Potable water for the fluorosis-affected Sogival village is still a distant dream
Almost every child has dental fluorosis
Skeletal fluorosis is also rampant
Sogival village (Gadag district): For five long years residents of this remote village, struck by skeletal fluorosis, have been waiting for a promise that has even today remained unfulfilled: potable water from the river Tungabhadra.
Routine assurances of river water by successive MLAs have been all but forgotten, says farmer Siddappa B.H. Tungabhadra water — something that several towns and villages in the area enjoy — is critical for Sogival.

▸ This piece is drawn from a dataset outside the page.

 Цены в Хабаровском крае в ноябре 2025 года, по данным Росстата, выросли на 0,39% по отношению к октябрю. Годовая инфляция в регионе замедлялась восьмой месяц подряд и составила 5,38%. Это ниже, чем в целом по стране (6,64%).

In its absence, residents are forced to consume water from three borewells that yield water saturated with 4.84 ppm of fluoride.
The problem began 25 years ago when the zilla panchayat dug the first borewell in this drought-prone village, Siddappa explains. “We had an open well and a tank but they dried up over time.” Although the panchayat knew about the excessive fluoride in the groundwater, they spent Rs. 10 lakh to dig two new borewells recently, rather than restore surface water.

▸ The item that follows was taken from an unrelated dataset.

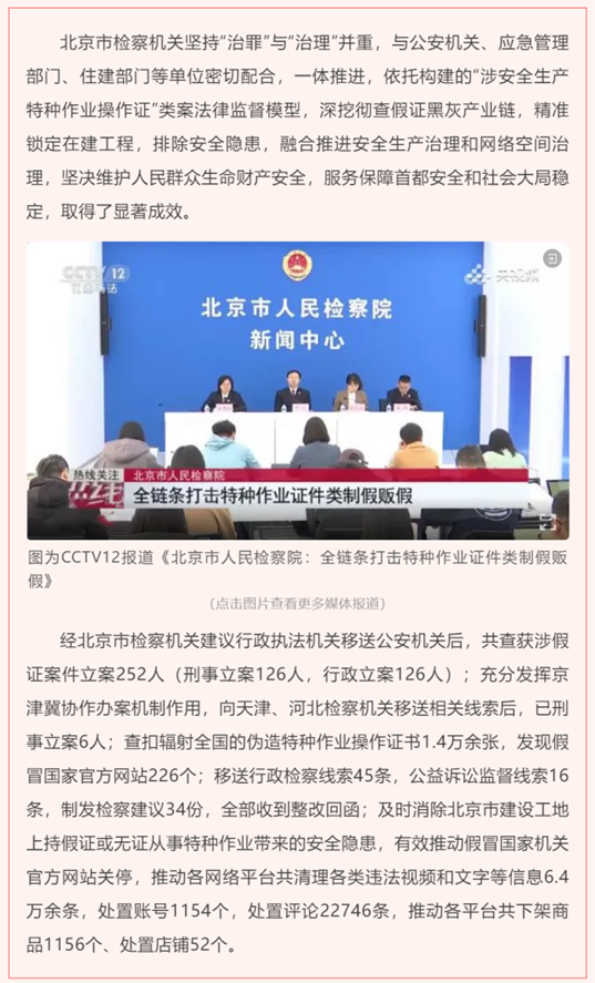 3月8日,最高人民檢察院黨組書記、檢察長應(yīng)勇在第十四屆全國人民代表大會第二次會議上作最高人民檢察院工報告,報告中著重提到關(guān)鍵詞特種作業(yè)假操作證溯源治理工作及成效。據(jù)報告顯示,北京檢察機(jī)關(guān)深挖辦案中發(fā)現(xiàn)的涉及上萬張?zhí)胤N作業(yè)假操作證問題,推動查辦制販假證人員126人,督促主管部門落實監(jiān)管責(zé)任,溯源整治假冒國家機(jī)關(guān)官方網(wǎng)站226個。

Even the district administration had been told about the gravity of the problem way back in 1996, says Jagadish T. Gudagur, Associate Professor, Karnatak Science College, Dharwad, who has studied fluoride in the Shirahatti taluk for over a decade. “It is shocking that nothing has been done yet.”
Most worrying for the adults of the village is that fluorosis is beginning to affect the health and education of the children. “Almost every child in this village has dental hypoplasia [identified by mottled teeth] which is the first sign of fluorosis,” observed Dr. Gudagur. And some adolescents, like 14-year-old Murugesh, are beginning to show signs of skeletal fluorosis.
But this is not the only malaise that threatens the young. As adults grow increasingly feeble, the burden of income falls on the children.
For instance, Murugesh's father will take him out of school this year so he can work on their farm. The two teenaged daughters of Ramegowda C. Patil, likewise, have left school to work as agricultural labourers.
Yellavva (70) is disabled by the disease and offers an ominous forecast for Sogival: “I will die of this disease... I can only hope that my grandchildren do better,” she says. “If something isn't done soon the days for this village are numbered.”